Again, foam flies rate as my favorites for hoppers though I do use LeTort's, Dave's, and Henry's Fork Hoppers at times. My favorite pattern is one of my own creation which has an all foam body and represents the natural very well. It was named the West Fork Hopper after landing a gorgeous 18" brown on its maiden cast. Another favorite is Bob Blumreich's Summer Hopper.

West Fork Hopper

Tying Notes:

  1. Create a thread base on the hook working the thread to slightly behind the hook point.
  2. Take the hook out of the vise and put the hook point through the foam and then place the hook back in the vise. Secure the foam to the hook with 3-4 thread wraps. Leave about 1/8 inch extending past the hook.

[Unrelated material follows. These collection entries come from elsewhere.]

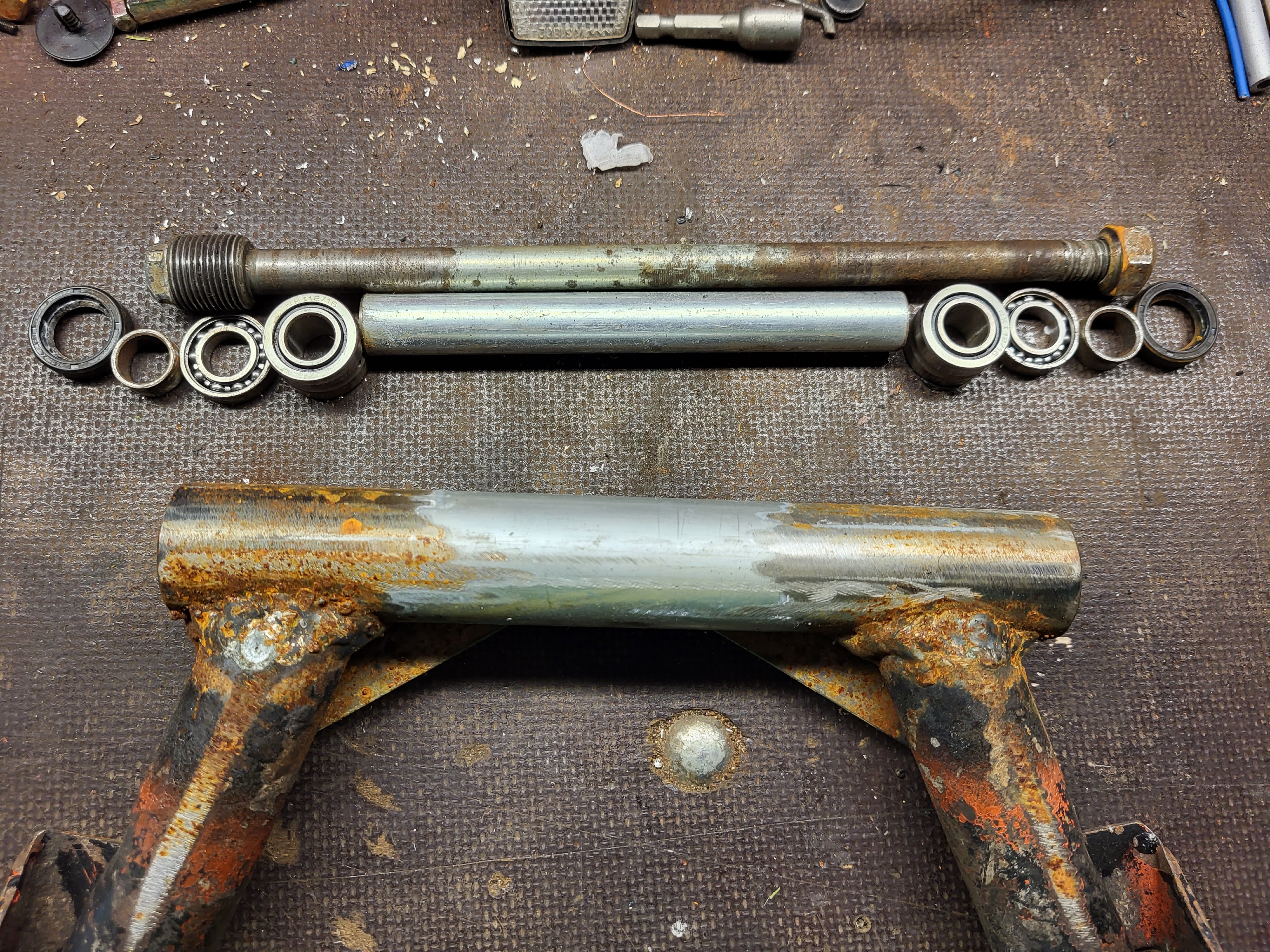See eeldanuks mingit täpset sättimist ja ilmselt ikkagi uue kiigetoru valmistamist, sest originaalis puudusid pesad puksile. Sile toru, suht õhukese seinaga oli. Laagritega sai lihtsalt odavalt ja piisavalt hästi ka fiseerituna selle kiige.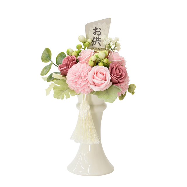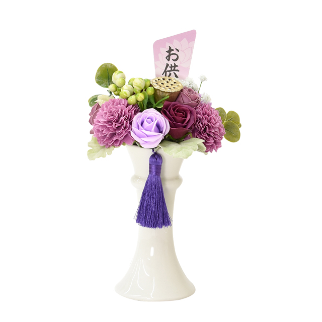 細身のシルエットが美しい仏花シャボン。ミニサイズのシャボンフラワーを組み合わせてボリュームたっぷりに仕上げました。花びら1枚1枚がせっけんの素材で出来た観賞用のお花です。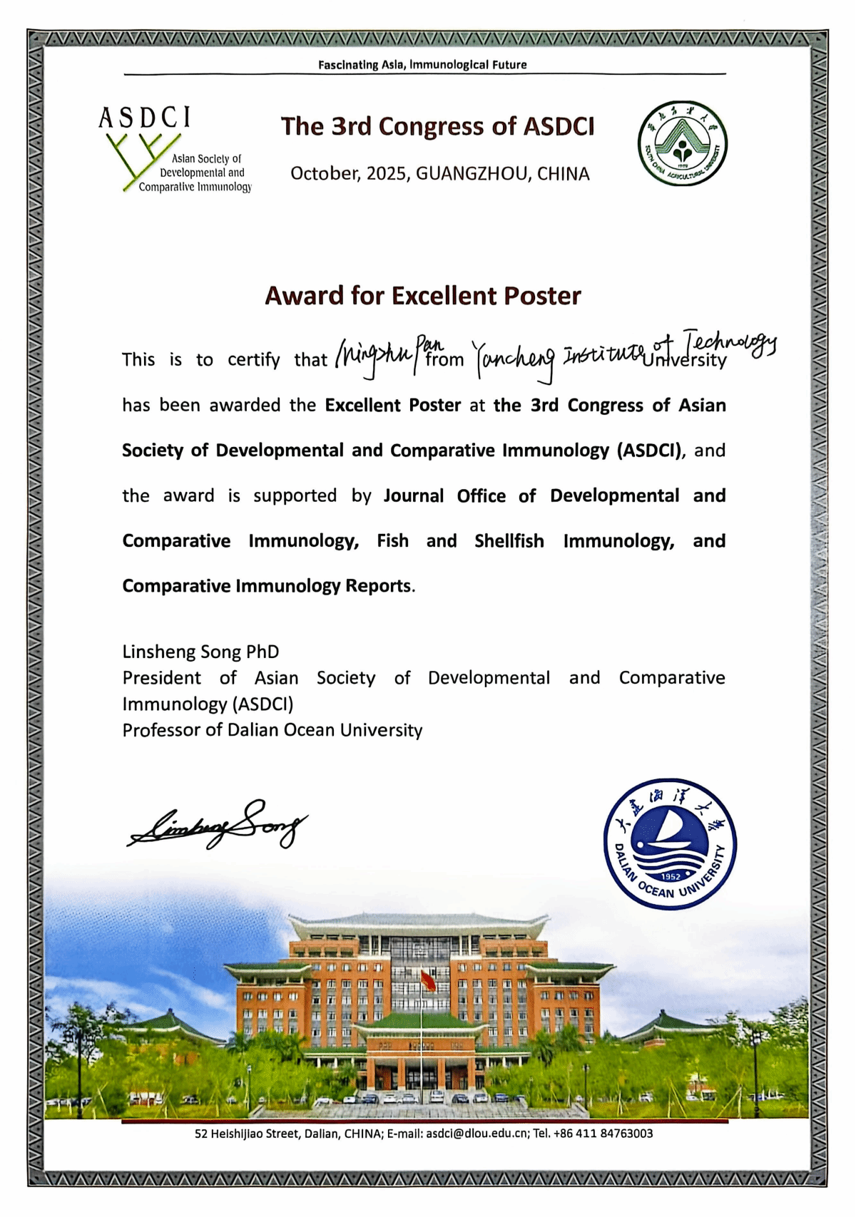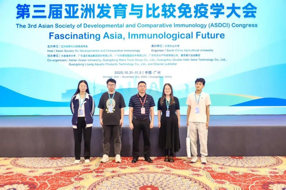10月31日-11月3日,以“Fascinating Asia, Immunological Future”为主题的第三届亚洲发育与比较免疫学大会(The 3rd Asian Society of Developmental and Comparative Immunology (ASDCI) Congress)在广州召开。海生学院齐志涛教授受邀担任“Adaptive Immunity and Vaccines”分论坛主持。团队科研成果展示荣获“最佳墙报奖”。本次大会为亚洲乃至全球免疫学者提供了高水平的交流平台,展现了亚洲在免疫学研究领域的巨大潜力与独特魅力,进一步推动了水产动物领域理论和技术创新。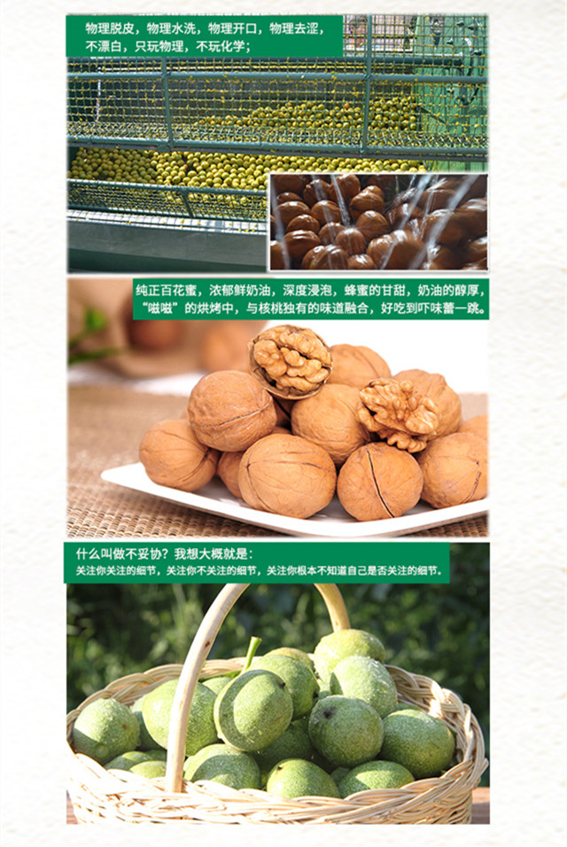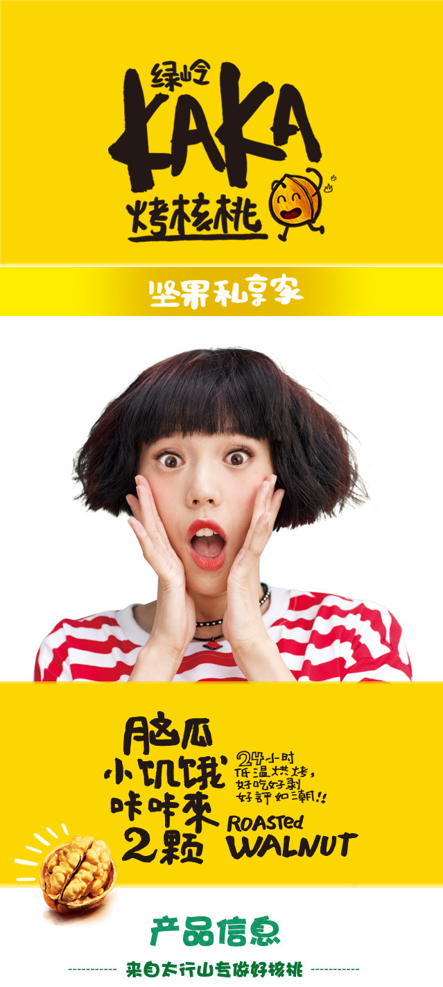 產(chǎn)品簡介:KAKA烤核桃,采用綠嶺有機(jī)核桃為原料,使用宮廷秘制配方和轉(zhuǎn)爐工藝,經(jīng)過24小時低溫烘烤,讓原本就美味的核桃,顆顆入味;讓人吃起來不想停,吃過后還想吃,充分享受皇家貴族之尊味。

Trim this to a rounded shape, it will be the hopper's last abdominal segment.
  3. Move the thread up 1/5 of the hook shank. Now bring the foam up the the shank and secure it with 2-3 thread wraps. Continue this until you are 3/5 of the way up the hook.
  4. Secure a sparse deer (or elk) hair wing extending to the end of the body. Cut a section of turkey primary and round the point and secure it as an overwing..
  5. Advance the thread to a 1/16 of an inch behind the hook eye and secure the foam with 2-3 wraps.
  6. Push the hook eye through the foam and bring the foam over top of the hook.
  7. Move the thread in one large wrap back to where the wing is attached. Secure the foam with 3-4 turns of thread.
  8. Attach to the sides, knotted rubber legs. Leave 1/2 inch of the tag ends to create front legs.

Bob's Summer Hopper

Tying Notes: Create a thread base for the hopper body. Cut a small slit in the hopper body and super glue it to the shank. Allow it to dry then tie down the front part of the body. Tie in a flexamented section of turkey wing and the legs. Spin the deer hair head and tie it off. Clip the deer hair to shape, leaving a few fibers over the wing.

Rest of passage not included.